Former Hostgator Employee Charged for Planting Backdoor on 2,700 Servers
Police apprehended 29-year-old Eric Gunnar Gisse of San Antonio, Texas and charged him with rooting 2,700 servers of his former employer, Hostgator. Gisse, a medium-level administrator, is believed to have installed the Trojan with the intent of remotely accessing all the rooted servers at will.
Prosecutors with the district attorney’s office of Harris County in Texas accused Gisse of felony breach of computer security. Hostgator COO Patrick Pelanne told ArsTechnica that company officials came across the backdoor-type software immediately after the Gisse’s dismissal. They discovered that Gisse had access to sensitive information directly from customers’ websites, but they found no evidence he used it. “He did not access customer content,” Pelanne told Ars. “We caught it well before he had any chance to do any of that.”
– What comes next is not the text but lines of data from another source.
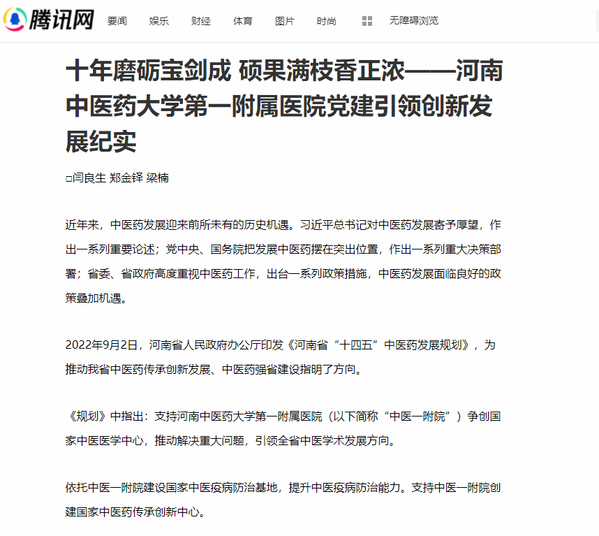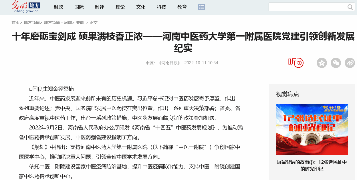 编者按:近日,学习强国、光明网、大河网、顶端新闻、今日头条等10余家媒体以“十年磨砺宝剑成 硕果满枝香正浓——米兰体育网页版登录入口,米兰(中国)第一附属医院党建引领创新发展纪实”为题,对一附院十年发展进行报道。
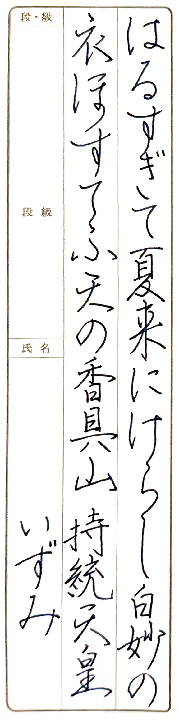 【秀逸】古筆原本を丁寧に鑑賞し、線の方向性を的確に表現されたことで、各行に流れと動きが生まれました。一方で、行間の余白にやや間延びを感じる部分も見受けられましたので、今後は紙面全体の構成力のさらなる向上に期待しています。
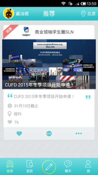 小醬油是一款面向于大學(xué)生的活動(dòng)分享平臺(tái),目前已經(jīng)覆蓋北京所有高校。小醬油一直以讓用戶獲取最大價(jià)值為宗旨,力求為用戶提供最全、最快、最準(zhǔn)的活動(dòng)資訊。想去外校蹭講座?就來小醬油
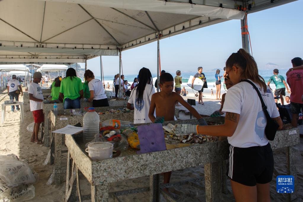 6月8日,在巴西里約熱內盧圣孔拉杜海灘,志愿者將收集到的垃圾進行分類。
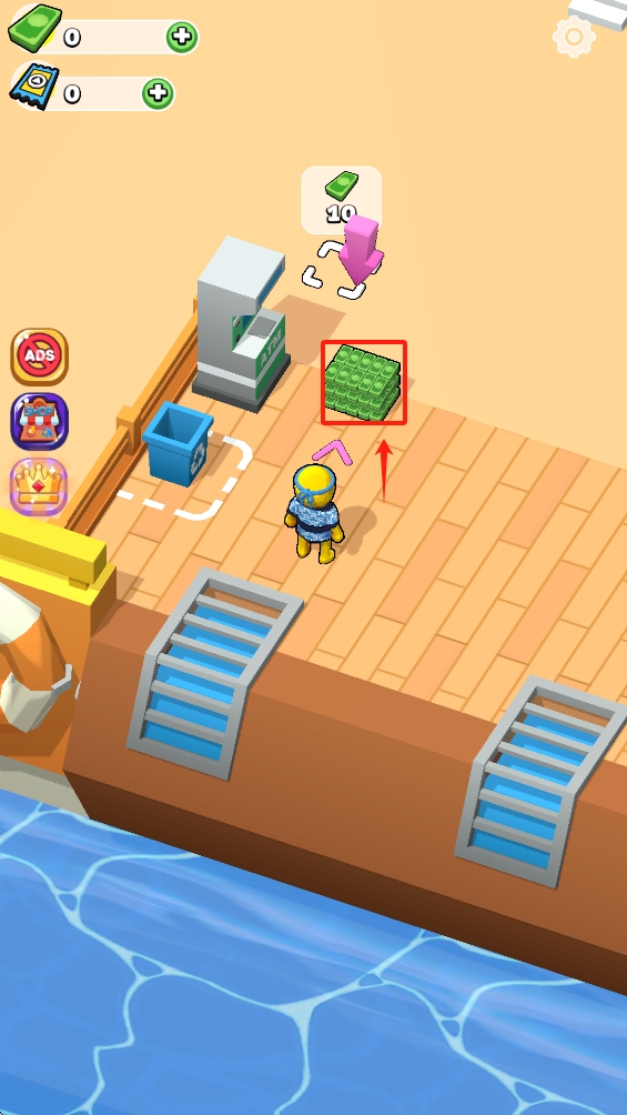 1、点击绿色方块,获取金币奖励,这是经营水上乐园的基础资金来源。

Apparently Gisse went to great lengths to camouflage the backdoor (he named pcre) as a UNIX administration tool to hide it from his colleagues and supervisors. He also modified two network diagnostic tools ps and netstat used by admins to list all running applications and network connections.
Gisse attempted to penetrate the Apache Web server systems with the help of a Hostgator digital SSH key he managed to transfer to one of the systems he was in charge of while he was working for Hostgator, sometime between September 2011 and February 2012. Then he used that system to access the Hostgator network, but there was no evidence that he reached any customer data.